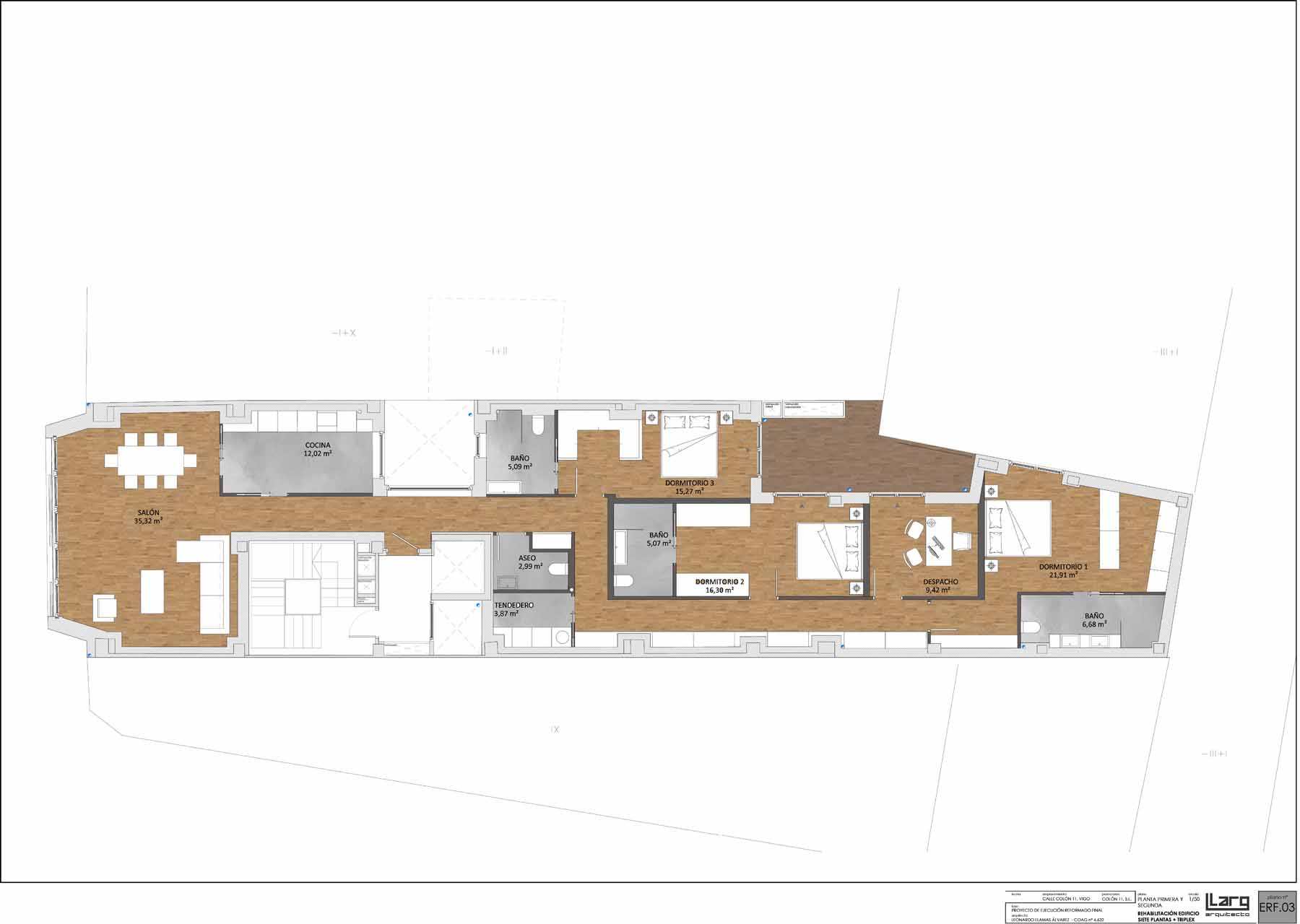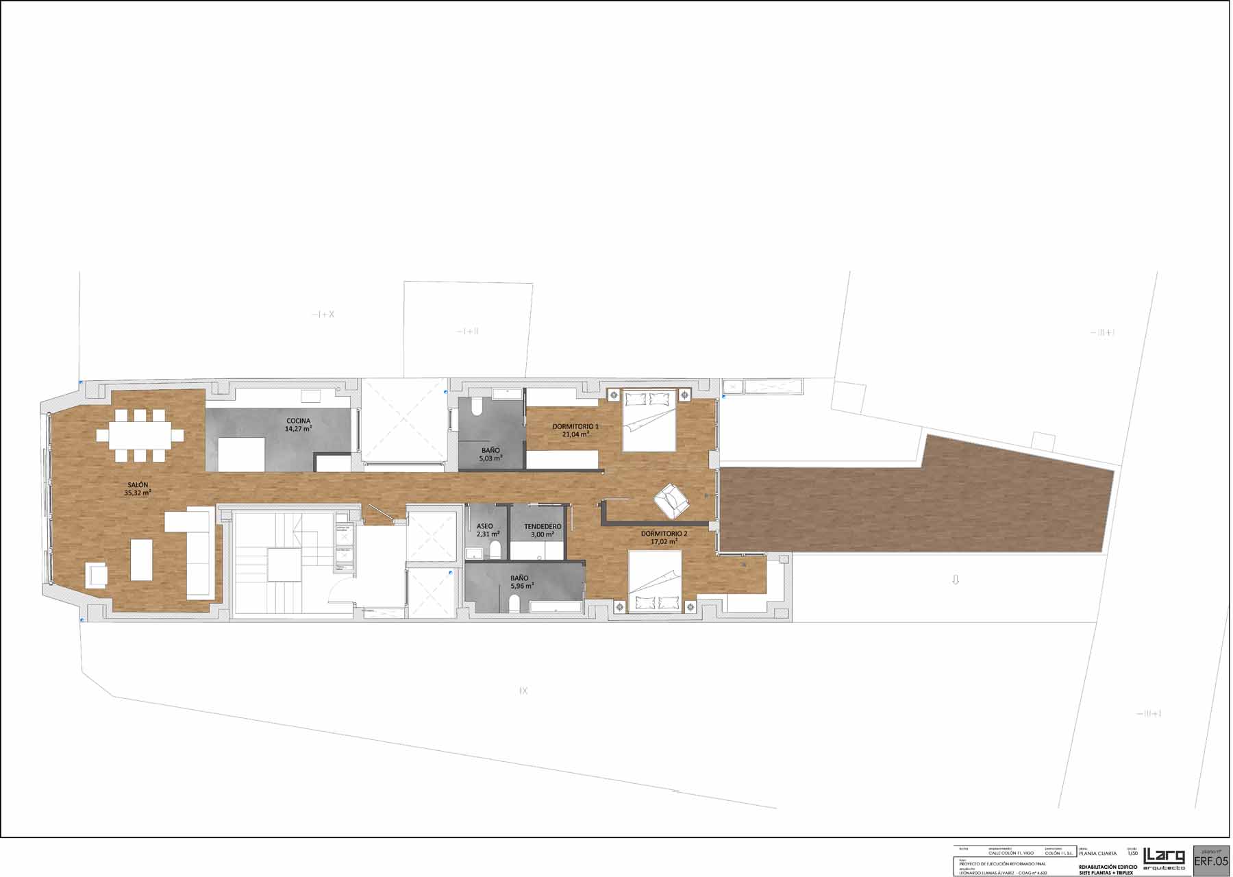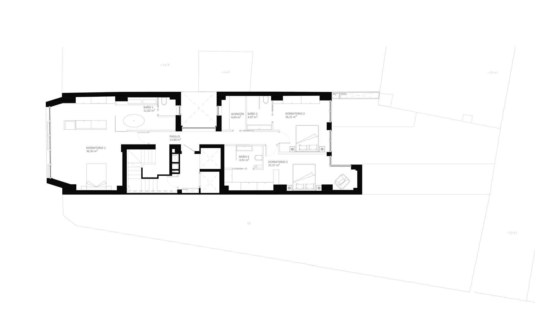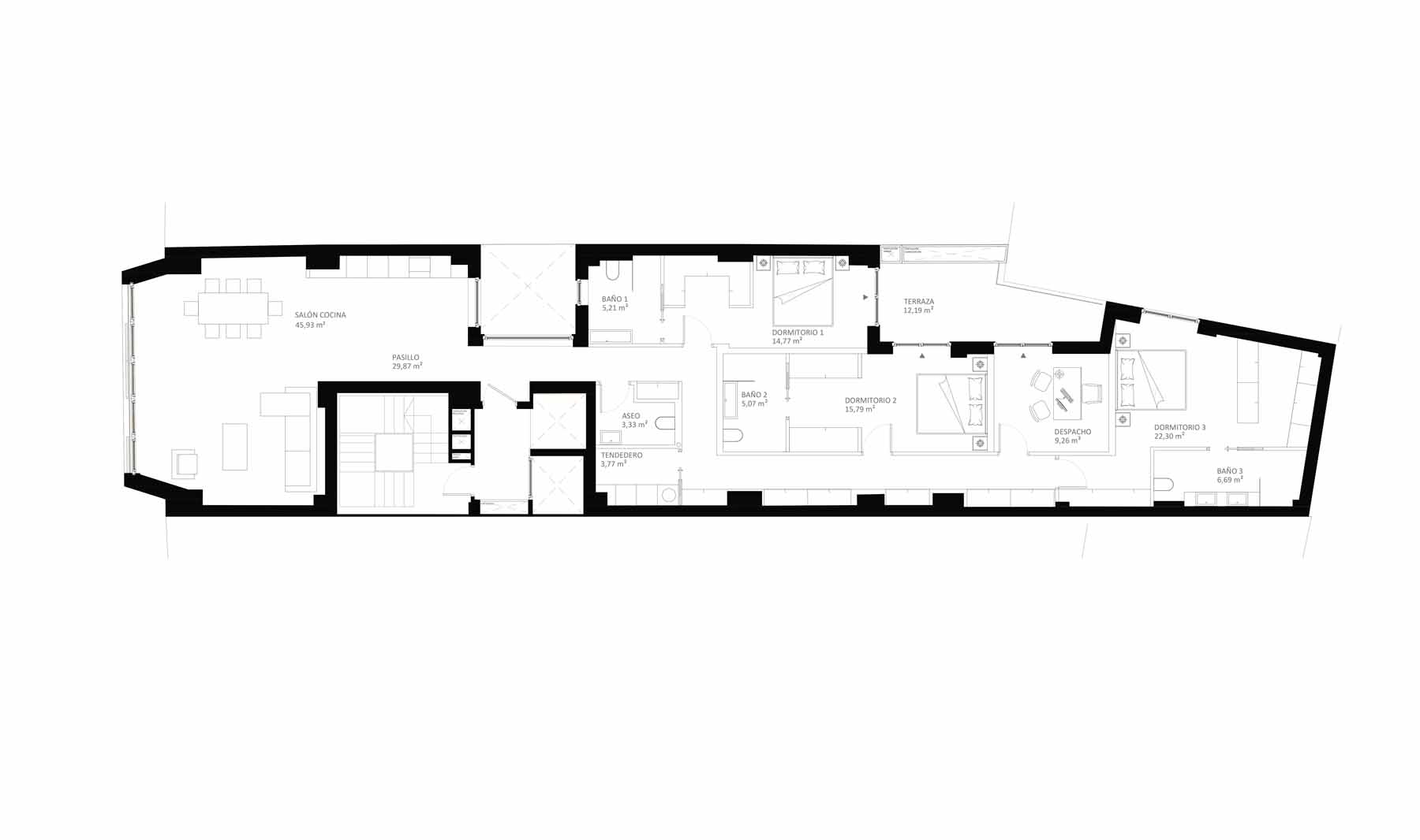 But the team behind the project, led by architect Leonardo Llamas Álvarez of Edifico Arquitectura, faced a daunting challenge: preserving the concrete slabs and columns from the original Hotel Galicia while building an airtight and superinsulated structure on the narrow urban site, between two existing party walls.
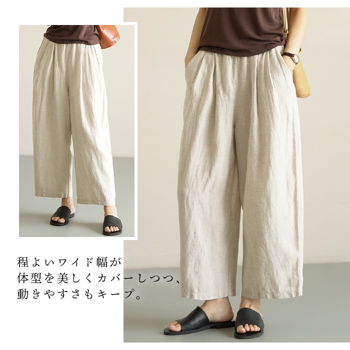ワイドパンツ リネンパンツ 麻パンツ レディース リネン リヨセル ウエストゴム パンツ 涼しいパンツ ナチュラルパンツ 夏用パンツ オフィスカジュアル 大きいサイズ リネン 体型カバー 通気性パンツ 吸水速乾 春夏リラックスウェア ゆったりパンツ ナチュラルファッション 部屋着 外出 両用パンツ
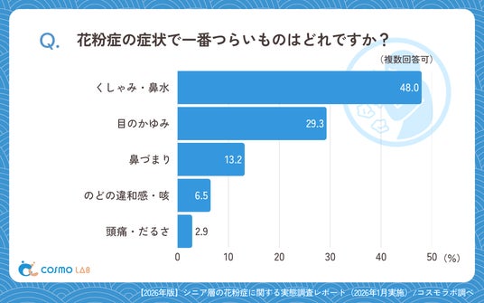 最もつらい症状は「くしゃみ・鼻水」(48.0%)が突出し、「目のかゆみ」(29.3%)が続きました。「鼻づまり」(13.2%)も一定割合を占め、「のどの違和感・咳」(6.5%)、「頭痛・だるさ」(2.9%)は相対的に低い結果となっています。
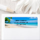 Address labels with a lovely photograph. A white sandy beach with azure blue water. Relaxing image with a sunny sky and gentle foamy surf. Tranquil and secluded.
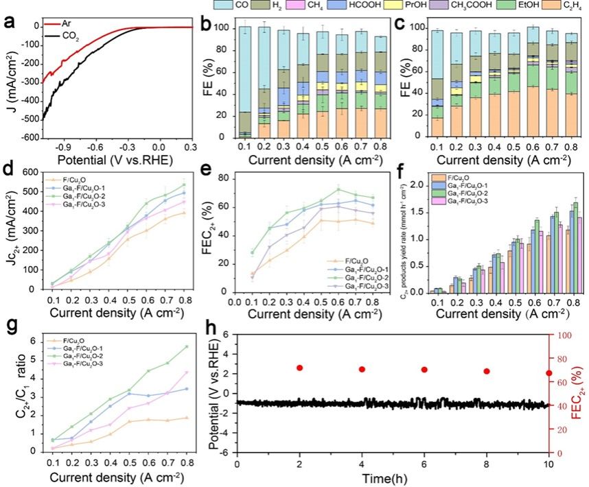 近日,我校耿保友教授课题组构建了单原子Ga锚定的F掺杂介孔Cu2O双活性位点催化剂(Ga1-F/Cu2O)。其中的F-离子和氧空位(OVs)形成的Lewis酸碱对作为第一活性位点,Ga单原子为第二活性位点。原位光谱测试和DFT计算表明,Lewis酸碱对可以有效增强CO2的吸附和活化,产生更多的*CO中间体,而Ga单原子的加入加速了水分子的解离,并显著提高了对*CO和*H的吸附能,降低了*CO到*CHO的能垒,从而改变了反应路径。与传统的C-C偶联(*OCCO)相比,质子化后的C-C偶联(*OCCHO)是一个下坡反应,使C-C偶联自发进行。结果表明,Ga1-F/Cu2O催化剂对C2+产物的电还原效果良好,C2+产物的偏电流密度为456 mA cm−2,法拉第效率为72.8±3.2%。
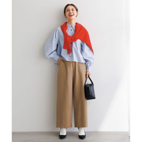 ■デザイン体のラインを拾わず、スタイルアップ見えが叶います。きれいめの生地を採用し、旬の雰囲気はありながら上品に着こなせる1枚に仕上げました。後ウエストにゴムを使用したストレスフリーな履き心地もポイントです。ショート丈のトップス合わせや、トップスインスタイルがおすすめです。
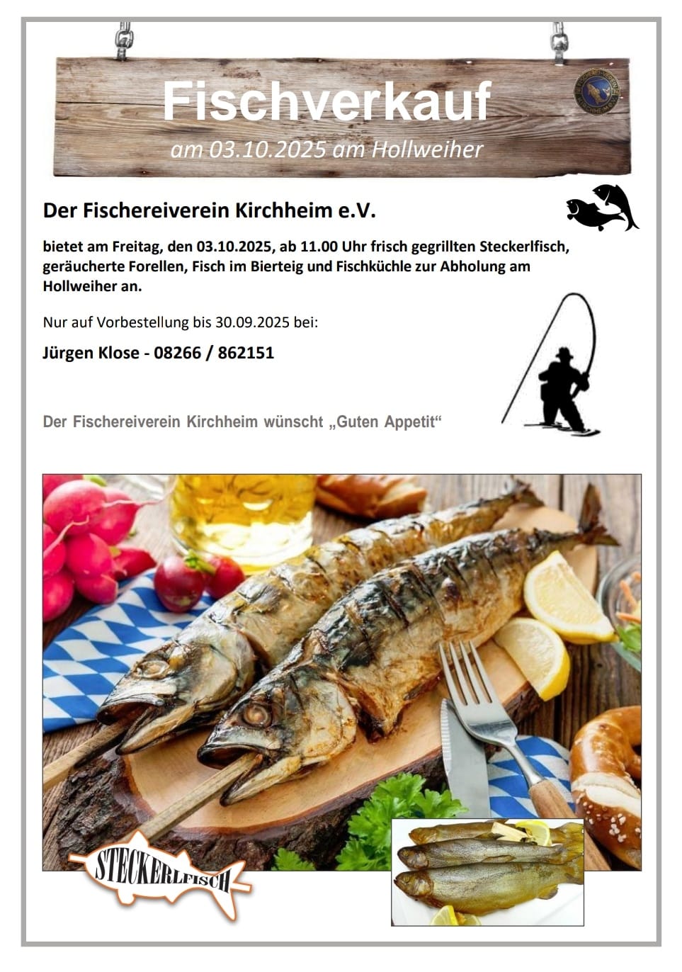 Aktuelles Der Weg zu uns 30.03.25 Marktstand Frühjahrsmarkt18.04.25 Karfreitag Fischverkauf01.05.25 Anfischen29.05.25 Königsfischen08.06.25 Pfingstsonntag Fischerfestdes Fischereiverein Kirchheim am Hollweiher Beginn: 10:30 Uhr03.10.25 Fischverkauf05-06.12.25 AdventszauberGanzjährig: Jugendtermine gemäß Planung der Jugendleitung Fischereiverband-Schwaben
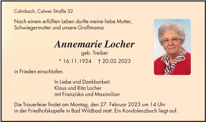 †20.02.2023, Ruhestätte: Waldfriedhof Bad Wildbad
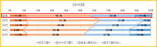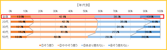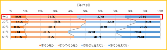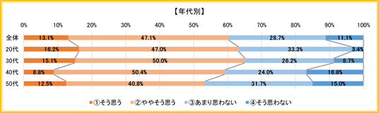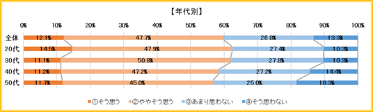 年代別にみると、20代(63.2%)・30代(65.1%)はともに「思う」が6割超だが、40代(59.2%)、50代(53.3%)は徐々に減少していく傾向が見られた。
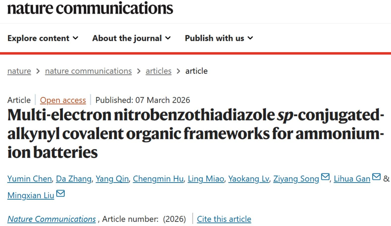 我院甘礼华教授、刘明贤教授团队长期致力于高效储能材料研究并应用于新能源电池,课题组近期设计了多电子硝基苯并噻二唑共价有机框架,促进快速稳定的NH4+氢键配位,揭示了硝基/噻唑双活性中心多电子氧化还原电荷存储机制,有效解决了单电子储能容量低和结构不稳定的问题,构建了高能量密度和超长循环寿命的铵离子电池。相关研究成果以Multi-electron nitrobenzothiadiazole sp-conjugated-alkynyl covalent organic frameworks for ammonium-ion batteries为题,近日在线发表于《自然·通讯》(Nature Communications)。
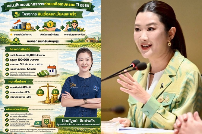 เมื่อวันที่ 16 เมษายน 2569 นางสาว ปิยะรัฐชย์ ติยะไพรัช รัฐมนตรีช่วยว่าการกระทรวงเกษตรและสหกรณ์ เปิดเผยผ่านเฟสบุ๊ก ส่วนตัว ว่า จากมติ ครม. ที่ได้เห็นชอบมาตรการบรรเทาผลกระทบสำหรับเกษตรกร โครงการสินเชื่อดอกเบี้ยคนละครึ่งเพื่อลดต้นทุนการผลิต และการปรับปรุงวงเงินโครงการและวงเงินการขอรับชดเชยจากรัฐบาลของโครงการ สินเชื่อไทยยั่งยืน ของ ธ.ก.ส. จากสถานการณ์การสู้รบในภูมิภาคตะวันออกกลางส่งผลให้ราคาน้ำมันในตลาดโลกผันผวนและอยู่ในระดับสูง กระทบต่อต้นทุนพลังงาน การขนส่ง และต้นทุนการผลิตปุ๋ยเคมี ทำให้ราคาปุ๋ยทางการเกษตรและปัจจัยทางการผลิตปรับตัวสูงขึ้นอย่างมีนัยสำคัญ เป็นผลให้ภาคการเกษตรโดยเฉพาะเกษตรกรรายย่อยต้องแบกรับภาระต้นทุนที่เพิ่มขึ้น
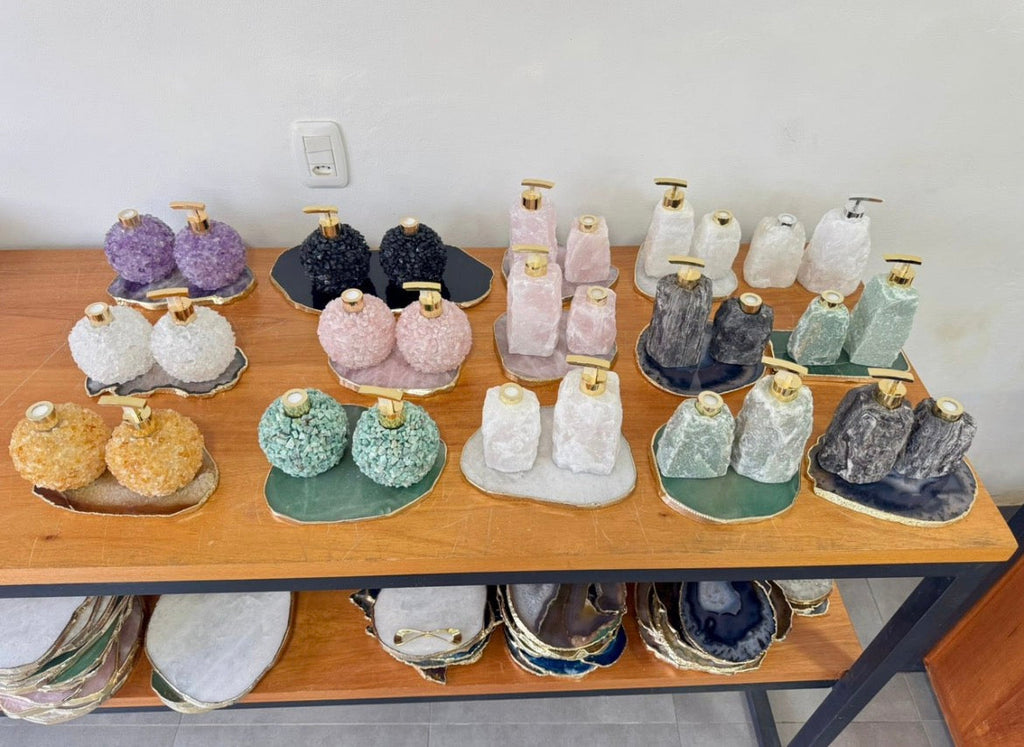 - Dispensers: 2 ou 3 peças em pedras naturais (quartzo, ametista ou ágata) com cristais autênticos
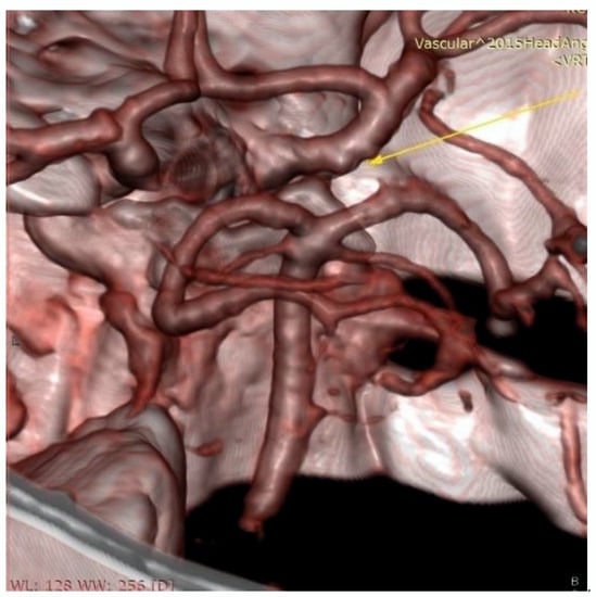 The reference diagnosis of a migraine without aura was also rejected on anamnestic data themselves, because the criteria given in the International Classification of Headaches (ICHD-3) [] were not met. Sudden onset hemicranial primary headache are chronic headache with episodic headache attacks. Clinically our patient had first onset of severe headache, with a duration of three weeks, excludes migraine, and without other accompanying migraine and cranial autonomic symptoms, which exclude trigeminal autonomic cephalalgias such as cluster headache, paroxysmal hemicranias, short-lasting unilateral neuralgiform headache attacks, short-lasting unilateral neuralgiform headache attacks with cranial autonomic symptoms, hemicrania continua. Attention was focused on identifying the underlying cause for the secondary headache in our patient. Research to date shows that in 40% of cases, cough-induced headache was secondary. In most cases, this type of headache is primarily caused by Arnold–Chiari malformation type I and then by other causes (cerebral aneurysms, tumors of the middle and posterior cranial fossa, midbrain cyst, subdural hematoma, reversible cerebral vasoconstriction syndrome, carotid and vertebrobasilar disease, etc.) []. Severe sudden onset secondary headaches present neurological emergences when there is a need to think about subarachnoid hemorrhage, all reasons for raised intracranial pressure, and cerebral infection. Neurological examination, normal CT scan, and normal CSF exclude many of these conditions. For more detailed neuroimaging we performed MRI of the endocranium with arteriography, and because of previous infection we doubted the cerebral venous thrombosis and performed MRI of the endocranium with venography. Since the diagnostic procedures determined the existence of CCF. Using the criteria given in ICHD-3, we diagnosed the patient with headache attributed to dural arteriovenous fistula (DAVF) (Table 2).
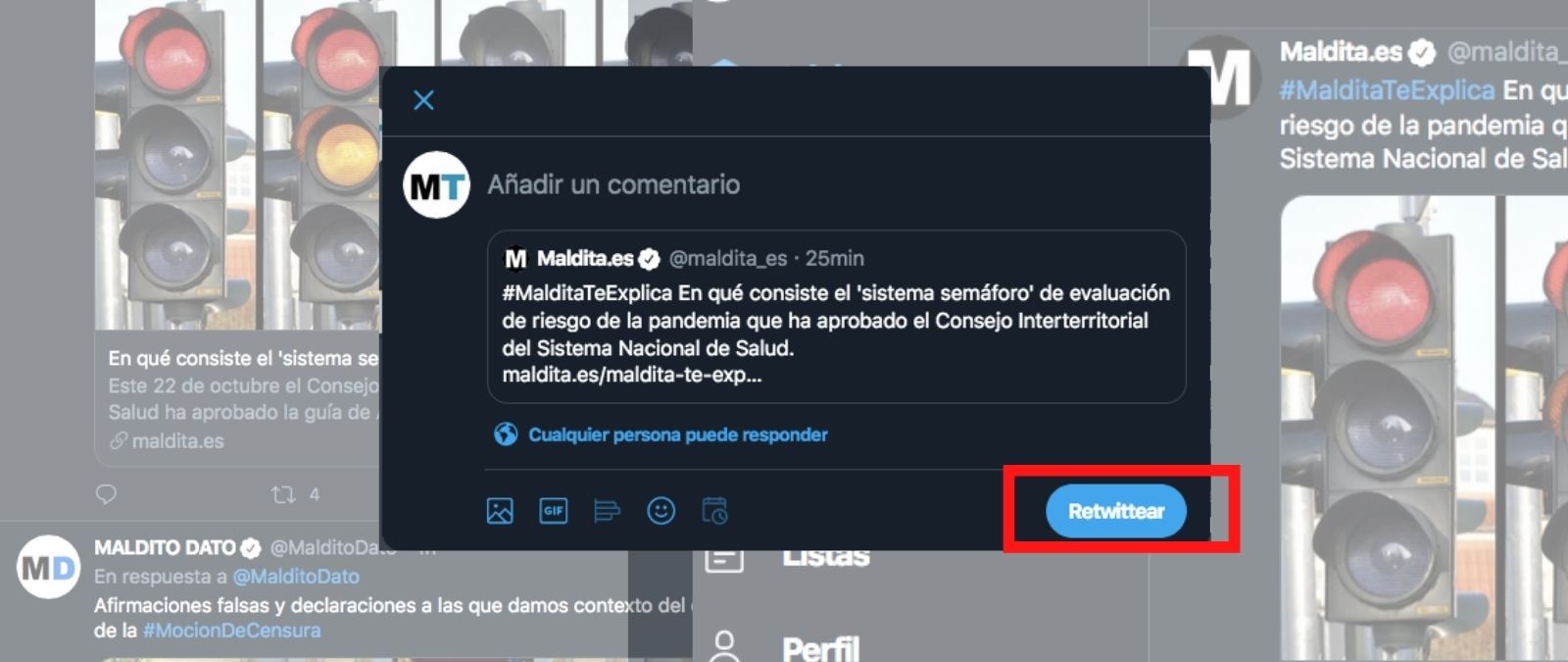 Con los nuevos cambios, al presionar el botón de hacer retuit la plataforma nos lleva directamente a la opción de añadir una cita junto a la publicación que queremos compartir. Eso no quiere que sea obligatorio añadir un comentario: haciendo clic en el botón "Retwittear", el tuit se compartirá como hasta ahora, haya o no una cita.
______________________________
§ What this task involves
Nothing but the lines above from the one that has "เมื่อวันที่ 16 เมษายน" down to the one that has "- Dispensers: 2" belongs in the answer, copied exactly, without pictures.

§ Result for this exercise
 เมื่อวันที่ 16 เมษายน 2569 นางสาว ปิยะรัฐชย์ ติยะไพรัช รัฐมนตรีช่วยว่าการกระทรวงเกษตรและสหกรณ์ เปิดเผยผ่านเฟสบุ๊ก ส่วนตัว ว่า จากมติ ครม. ที่ได้เห็นชอบมาตรการบรรเทาผลกระทบสำหรับเกษตรกร โครงการสินเชื่อดอกเบี้ยคนละครึ่งเพื่อลดต้นทุนการผลิต และการปรับปรุงวงเงินโครงการและวงเงินการขอรับชดเชยจากรัฐบาลของโครงการ สินเชื่อไทยยั่งยืน ของ ธ.ก.ส. จากสถานการณ์การสู้รบในภูมิภาคตะวันออกกลางส่งผลให้ราคาน้ำมันในตลาดโลกผันผวนและอยู่ในระดับสูง กระทบต่อต้นทุนพลังงาน การขนส่ง และต้นทุนการผลิตปุ๋ยเคมี ทำให้ราคาปุ๋ยทางการเกษตรและปัจจัยทางการผลิตปรับตัวสูงขึ้นอย่างมีนัยสำคัญ เป็นผลให้ภาคการเกษตรโดยเฉพาะเกษตรกรรายย่อยต้องแบกรับภาระต้นทุนที่เพิ่มขึ้น
 - Dispensers: 2 ou 3 peças em pedras naturais (quartzo, ametista ou ágata) com cristais autênticos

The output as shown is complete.